Design: Dependent variables: sensation of pressure (g), perceived pain (cm), and skin temperature (degrees C). A repeated measures 3 x 19 factorial guided study.

Conditions were 10, 15 and 20 minute ice bath immersions. Measurement times were before immersion, 1, 3, 5, 7, 9, 10, 11, 13, 15, 17, 19 and 20 min immersion and 1.5, 3, 5, 7, 9 and 11 min post-immersion.

Subjects: Eighteen college-aged volunteers.

Measurements: Subjects participated in three ice bath immersions (10, 15 and 20 min). Sensation of pressure was tested over the anterior talofibular ligament prior to immersion and 1.5, 3, 5, 7, 9 and 11 min post-immersion.

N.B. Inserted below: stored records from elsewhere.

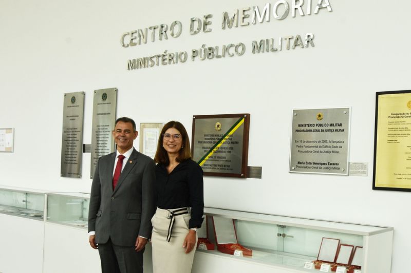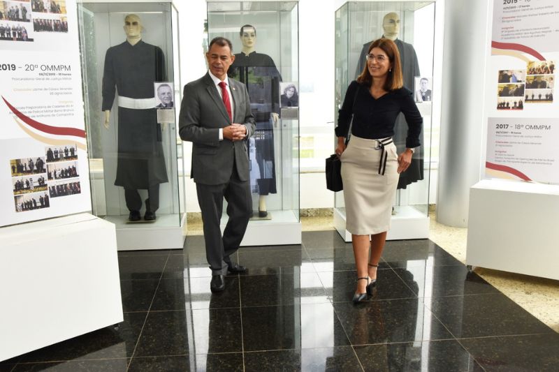 Raquel Branquinho também conheceu, acompanhada do procurador-geral, o Centro de Memória do Ministério Público Militar (CMMPM) e o auditório Subprocuradora-geral Adriana Lorandi, da Procuradoria-Geral de Justiça Militar, onde são realizados eventos como lançamentos de livros, exposições e seminários.
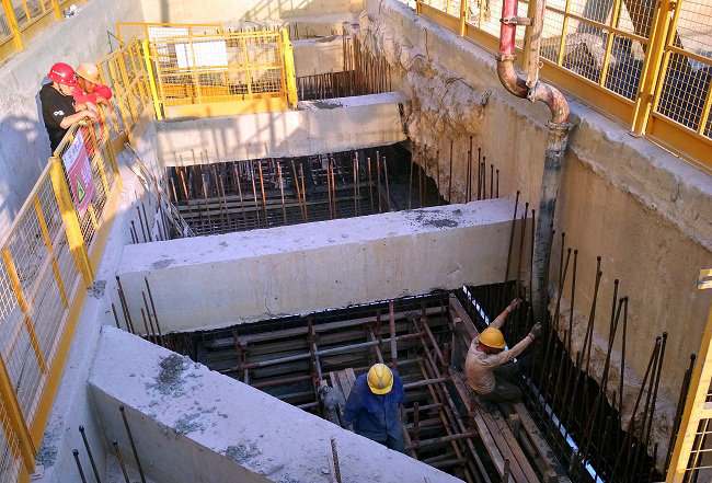 據(jù)悉,施工滄浪新城站結(jié)構(gòu)工程時,項目積極采用新材料、新工藝,其中采用大力神碗扣支架施工為蘇州軌道交通3號線全線首先采用,較普通碗扣支架具有明顯優(yōu)勢,一是支架承載力大,增大了支架承載間距,減少了三分之一的支架用量,節(jié)約了材料;二是縮短了支架搭拆的時間,提高了工效;三是特殊的斜桿剪刀撐和支架節(jié)點的特殊連接結(jié)構(gòu),增強(qiáng)了支架的穩(wěn)定性,避免了安全隱患;四是熱鍍鋅的表面處理方式保證了架體的使用壽命,也符合蘇州市政工程文明施工的高要求。
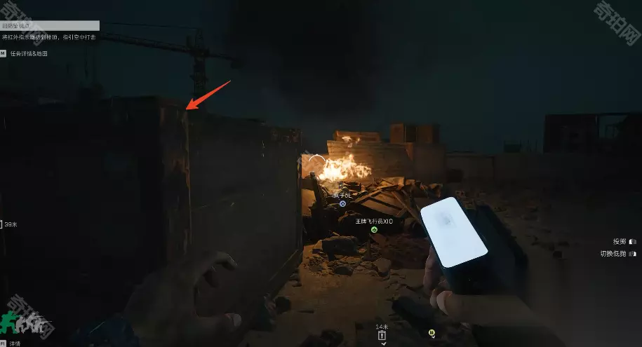《三角洲行动》黑鹰坠落第六章红外指示器扔法攻略 一、关于任务指引 在我们左上角中提示我们将红外指示器扔到楼顶,指引空中打击 但实际上我们扔到屏幕UI提示的平台上即可,并不是真的要扔到楼顶
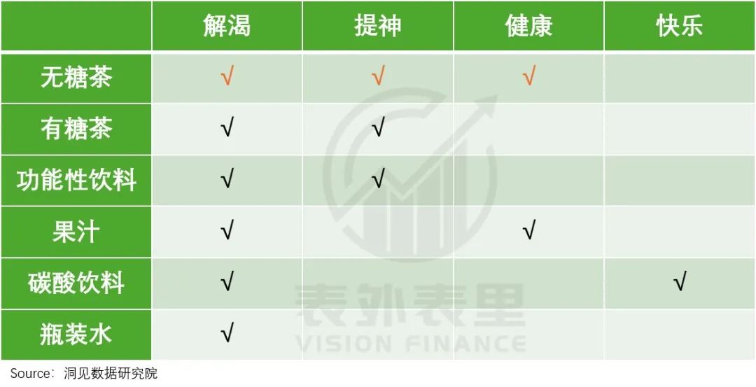 从这个角度可以看出,无糖茶的成分兼顾了解渴、提神、健康等功能,而糖茶、汽水等其他畅销饮料大多只能满足两个需求。
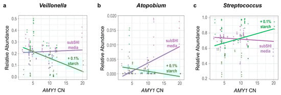 The relative abundances of Veillonella and Atopobium are influenced by an interaction between AMY1 CN and media. For high AMY1 CN, the relative abundances of (a) Veillonella (p = 0.038) and (b) Atopobium (p = 0.001) are lower in starch-supplemented media. (c) There is a trend for the opposite relationship in Streptococcus; for high AMY1 CN, the relative abundance of Streptococcus (p = 0.078) is higher in starch-supplemented media.

Cold induced pain was recorded at baseline (prior to treatment), every two minutes during immersion (beginning with 1 min), immediately following foot removal (10, 15 and 20 min), and directly following each monofilament reading (1.5, 3, 5, 7, 9 and 11 min post-treatment).

Water bath and skin temperature were recorded every min (baseline to 11 min post-immersion). ANOVA's and Tukey-Kramer multiple range tests were used to determine significance.

Results: Water bath temperature was held constant at 1 C. Loss of sensation was greater following 20 min of immersion than 10 min of immersion at all post-immersion measurement times. The greatest loss of sensation was at 1.5 min following the 20 min immersion.

Pain peaked at 1 min immersion and declined sharply until 9 min after immersion. Post-immersion pain was significantly greater following 20 min of immersion than 10 or 15 min of immersion.

Skin temperature did not differ among conditions at baseline or during immersion.

Conclusions: Our research supports clinical recommentdations of 12-20 min initial immersion during cryokinetics. There was on difference in water or skin temperature between groups; therefore, the increased magnitude and duration of numbness following 20 min immersion was due to the increased length of immersion. Prolonged immersion past the point of perceived numbness may be beneficial.

Keywords: numbness, cryokinetics, cold water bath, cryotherapy, rehabilitation

N E Johnson, Department of Exercise Sciences, Brigham Young University 2004.